One More Day

One more day until things begin to change for us. I'm mostly excited, but I'm also scared, nervous and a bunch of other emotions that I can't put into words.

A friend of the husband's was bugging him to talk to the people at the company where he works because they were hiring. The husband wasn't searching for a new job but he agreed to talk. Probably to get his friend to stop bugging him. One talk led to another and that talk led to a trip to meet these people in person. This process lasted a few weeks and to say it wasn't nerve wracking would be a lie. A big one. The husband claimed he wasn't nervous. or at least at first. If things didn't pan out, he would still have a job. A good job that paid the bills, put food on our plates and a roof over our heads. But this new potential job... it was good. And I was a mess over it.

I couldn't sleep. I couldn't sit still. I know my husband is smart and I know he is very good at what he does. But what if. I hate what if's. I didn't want to doubt him. And I really didn't. But what if.

And it turns out my what if's didn't matter. I'm so proud to say that I have one more day of driving him to and from work and I couldn't be happier. I am so excited to see where this next chapter takes us. And him!

But the selfish part of me is so very thankful for that one more day and no more. Having to take him to work means more time in the car for me and less time to do the things that I need to get done. I always feel rushed. I hate feeling rushed. But after our drive today, I'm honestly scared to get back in the car and be on the highway.

I was in the car with the Dude and we were almost to our exit off the highway and a few minutes away from the husband's office. Suddenly all three lanes of traffic stopped. When traffic in the right lane slows or stops, it's usually because someone is driving entirely too slow for the highway or lots of people are lined up waiting to get off at the next exit. But all three lanes? Something bad happens to cause that and today was no different.

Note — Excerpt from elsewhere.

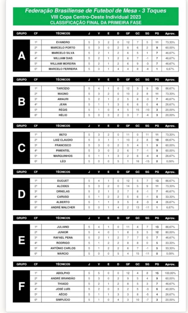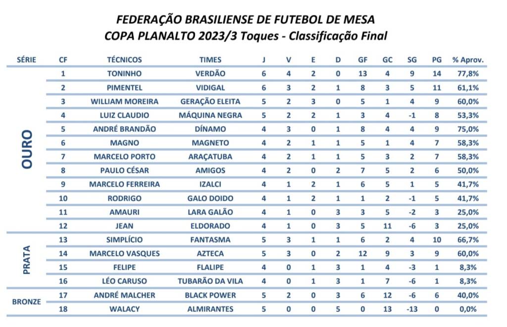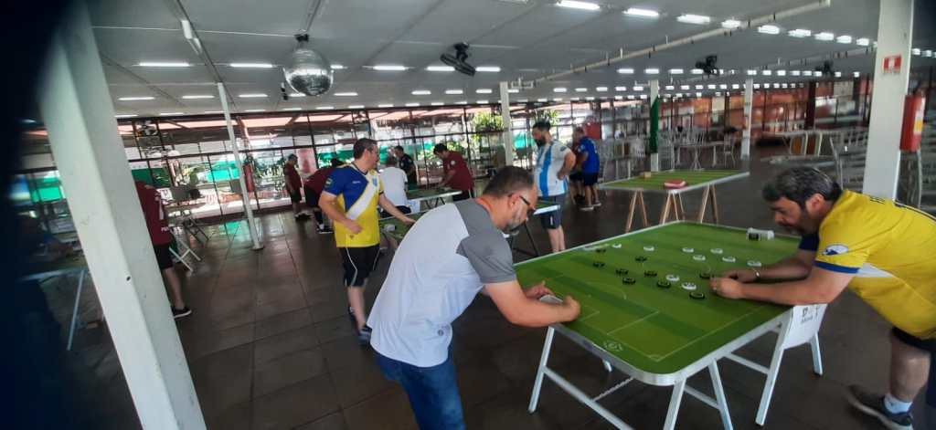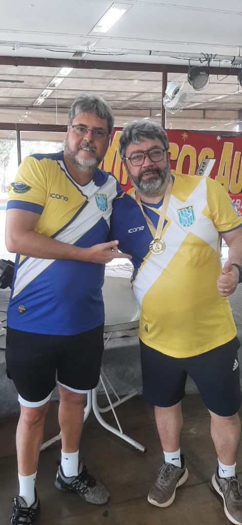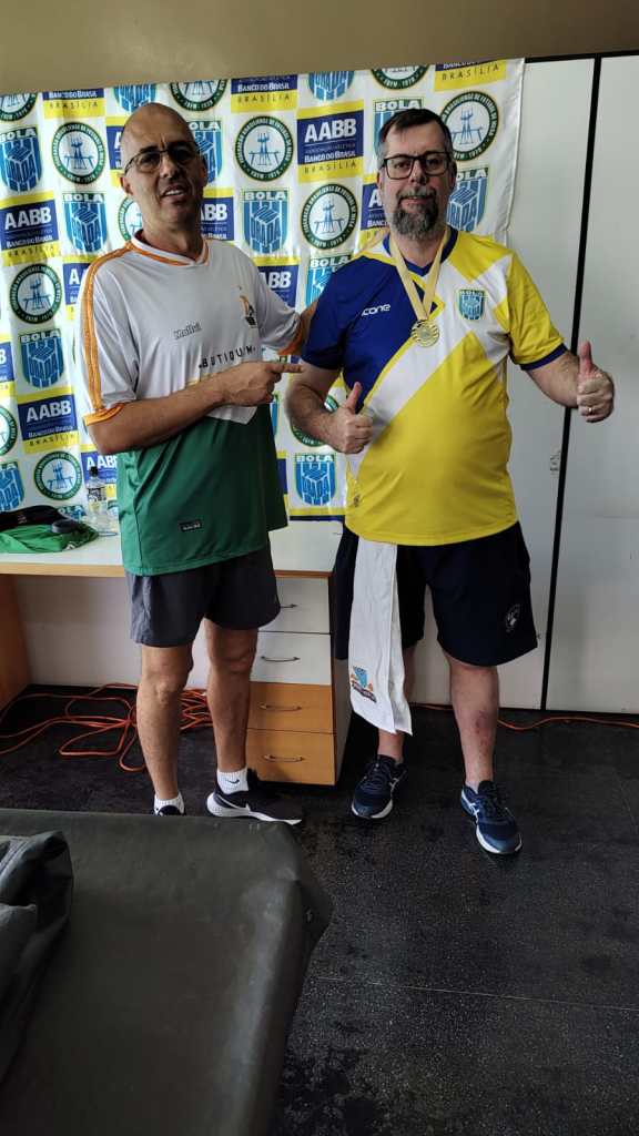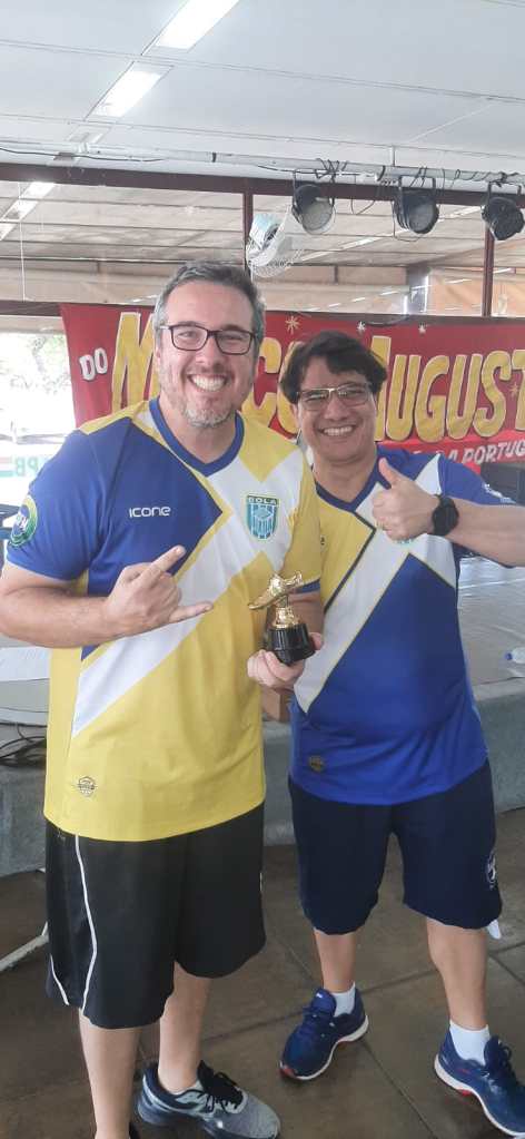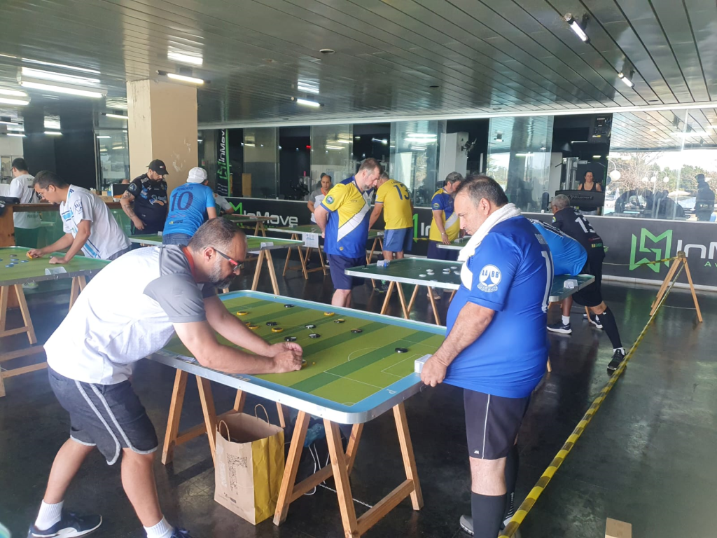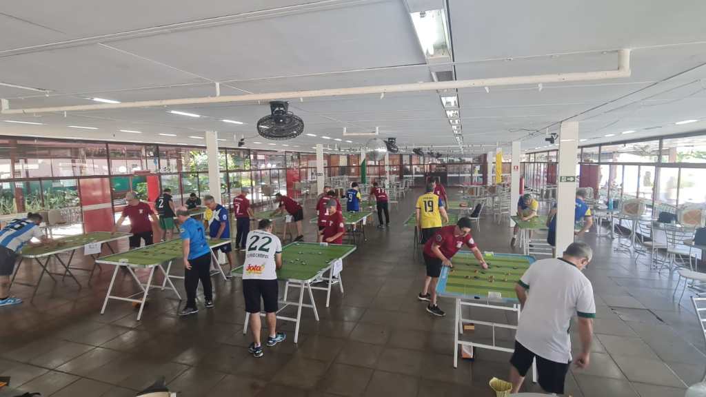 Neste final de semana, 36 tecnicos disputaram o titulo de Campeao da Centro-Oeste 2023, na modalidade 3 toques. Eram 6 grupos de 6, classificando 18, o restante indo para Prata e Bronze. Na Bronze, Aecio x Marcelo Ferreira empataram em 1×1, dando titulo ao Aecio, o 1° trofeu da nova versao da equipe da Ocidental. Na Prata, Pimentel 2×1 Jose Luis, deu o titulo ao botonista mais experiente do DF. Na ouro, Alcides 1×1 Duguet deu o tricampeao ao botonista do DF. Parabens a todos os botonistas pelo fair play e a AABB o agradecimento pela parceria de sempre.

Driving on the highway everyday, you see things. Bad things. Probably more than most drivers because more bad things tend to happen on a highway compared to a residential street. And today? It was bad. very bad. I didn't see what happened. From what I'm reading in the news, I'm very thankful I only saw the aftermath. But I wish I didn't see anything at all. I've never seen CPR being done on someone in a true emergency. I've also never seen a dead person outside of a funeral home. I quietly cried as I drove by to get to my exit. the last I wanted to was explain what I just saw to my 9 year old. Childhood innocence only lasts a short while and he didn't need to know what we had just passed. My heart goes out to the deceased's family. I know bad things will continue to happen, but I'm so very thankful for one more day. One more day on a road where these things happen. One more day before one chapter closes and another exciting one begins. One more day at life.



Until next time...

Let Them Be Safe

I'm not really sure when it came to be a thing but apparently bomb threats are a thing.

It breaks my heart when I watch the news and hear about office buildings, schools, even neighborhoods that are on lock down because someone threatened to detonate a bomb. I'm sure it makes me sound older than I am, but when I was growing up, if you had a problem with someone, you met outside in the parking lot at the end of the day and released your frustrations with words and fists. Now, children are scared when they see a threat written on a bathroom wall in a building where they're supposed to be safe. All the kid wanted to do was pee!

I'm not naive, but I also don't live in fear. We've talked to our kids about bad people in the world and things they can do to keep themselves safe. I want them to live their lives, but also be aware of what is going on around them. We talk about how to stay safe when they want to walk to or from school. We've also had conversations about what others can do to keep them safe after hearing about tragedies such as Sandy Hook. New security policies were put into place at the schools here. Teachers and staff were trained. Book bags are to be kept in lockers.

All that being said, having these conversations and actually dealing with a potential issue are two totally different things.

My daughter recently came home with a letter from her middle school. A serious threat had been discovered written on a bathroom wall. The letter detailed what was found, what was done by the police and was would be done in the coming days to ensure the safety of the students and staff. I'm confident everyone is doing what needs done and my daughter will be safe, but it scares the hell out of me that this is happening in our neighborhood and in our schools. These threats can happen anywhere and, unfortunately, they do. I'm lucky if I can properly hard boil an egg so it blows my mind to think that a middle schooler knows how to make a bomb. I'd like to think they can't, but again, I'm not naive. The internet can be used for good and evil.

I know I can't put my children in a bubble to shield them from the evils of the world. What I can do is give them the tools to go out there and live and be safe. I just don't understand how it has come to this - sending our children out into a world riddled with evil. Sometimes all the security and training can't help as much as you'd hope.